Штурмовой вариант
Шрифт:
К Ричарду Белинда испытывала двоякое чувство. То мысленно благодарила его, что успел хоть немного приучить к джунглям, то ненавидела. Ведь именно он вытащил ее на эту прогулку, которая закончилась пленом.
Все попытки молодой женщины узнать, куда и зачем ее ведут, успехом не увенчались. Те, кто знал языки, отказывались говорить.
Чтобы она могла отбиваться от назойливых насекомых, ей не связывали ни руки, ни ноги. Однако рядом постоянно находился караульный. Перед началом ливня похитители сделали несколько навесов из широких листьев и бамбуковых шестов. Ночь Белинда провела, сидя под деревом и вздрагивая от каждого шороха. Она почти не спала. В голову лезли самые разные мысли. Пленница даже не исключала, что, заведя куда-то в глушь, ее сделают женой одного из конголезцев.
Под утро Белинда задремала. Сна она не помнила, но проснулась от того, что ее толкнули в плечо. Невысокий, похожий на скелет конголезец протянул ей кусок лепешки, обернутой каким-то листом, и горсть арахиса.
На экваторе светает поздно и стремительно. Виной всему деревья, через кроны которых почти не видно неба. Но едва стало возможным различать все, что творится в паре шагов, они снова двинули в путь. За весь день делали только небольшие остановки, на двух из которых Белинде снова дали немного хлеба со странным, травяным привкусом, и все.
К исходу дня начались проблемы с ногами. В ботинки словно налили раскаленный свинец. Белинда знала: стоит сейчас конголезцам устроить большой привал, и после него она не сделает и шага.

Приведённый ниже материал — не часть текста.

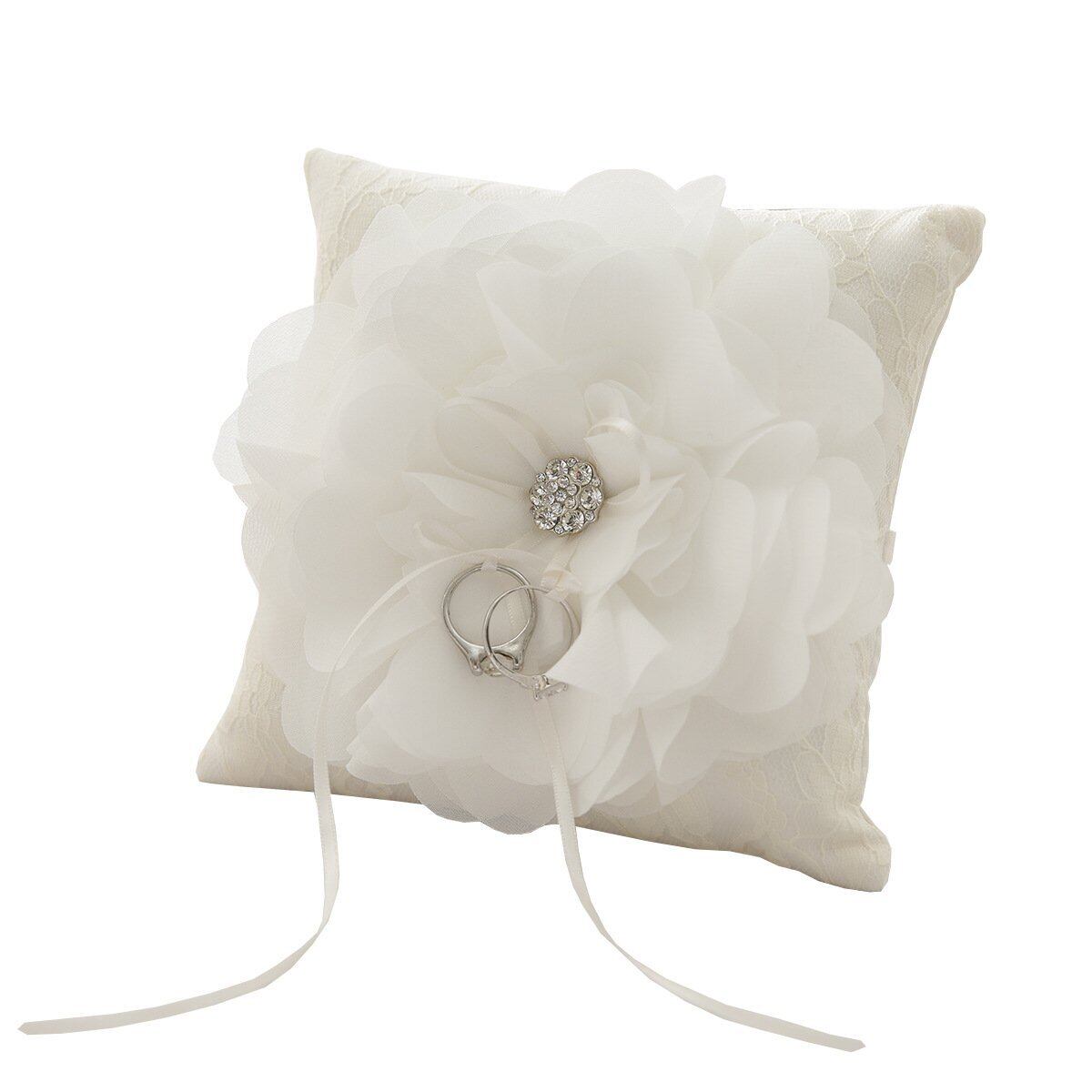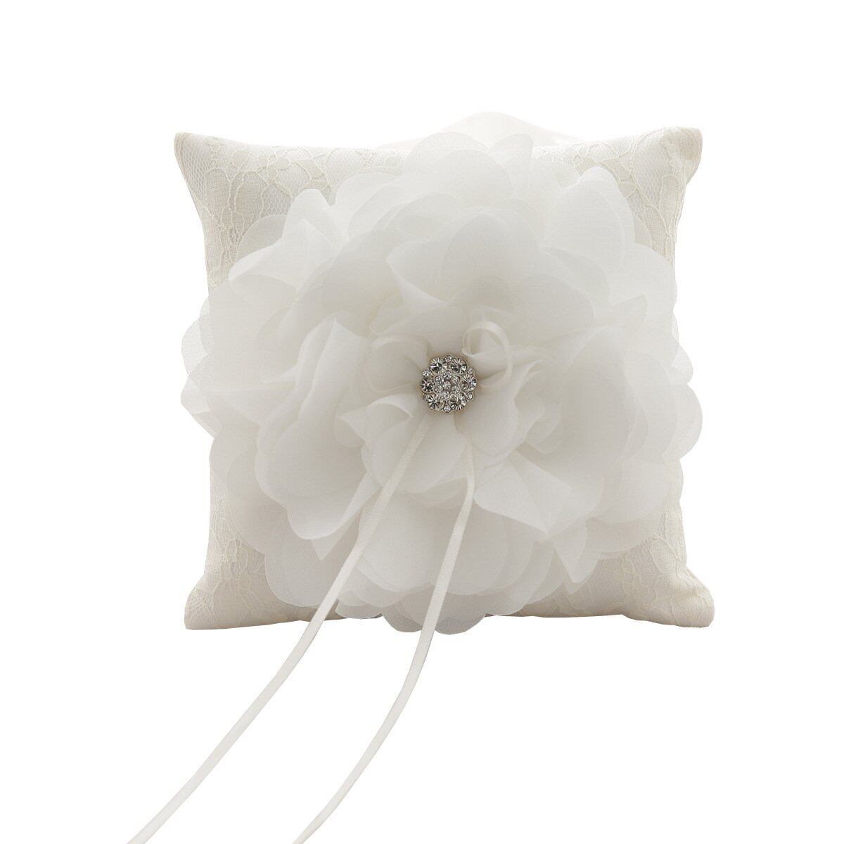 misakinoya リングピロー 完成品 ふわふわ シフォン フラワー リボン 指輪交換 リングピロー ウエディング 結婚式小物(15X15cmシフォンの花)

Неожиданно деревья расступились, и они вышли на край поля. Росшие рядками непонятные, похожие на картошку растения утопали в разного рода сорняке. Пройдя по его кромке, группа оказалась на проселочной дороге. Как ни странно, но идти стало тяжелее. Грунт здесь был твердый, из земли, словно гигантские вены, выпирали корни деревьев. Каждый шаг Белинде давался с трудом. Она словно шла по раскаленной сковороде. Быстро смеркалось. Конголезцы стали о чем-то оживленно переговариваться. Она поняла, что, по крайней мере на сегодня, путешествие подходит к концу. Сверху раздался шорох, будто с ветки на ветку перевалилось что-то тяжелое. Все задрали головы вверх. Она – тоже. Стайка грязно-коричневых обезьян, проворно перебирая конечностями, уходила в глубь леса. Неожиданно Белинда споткнулась и упала.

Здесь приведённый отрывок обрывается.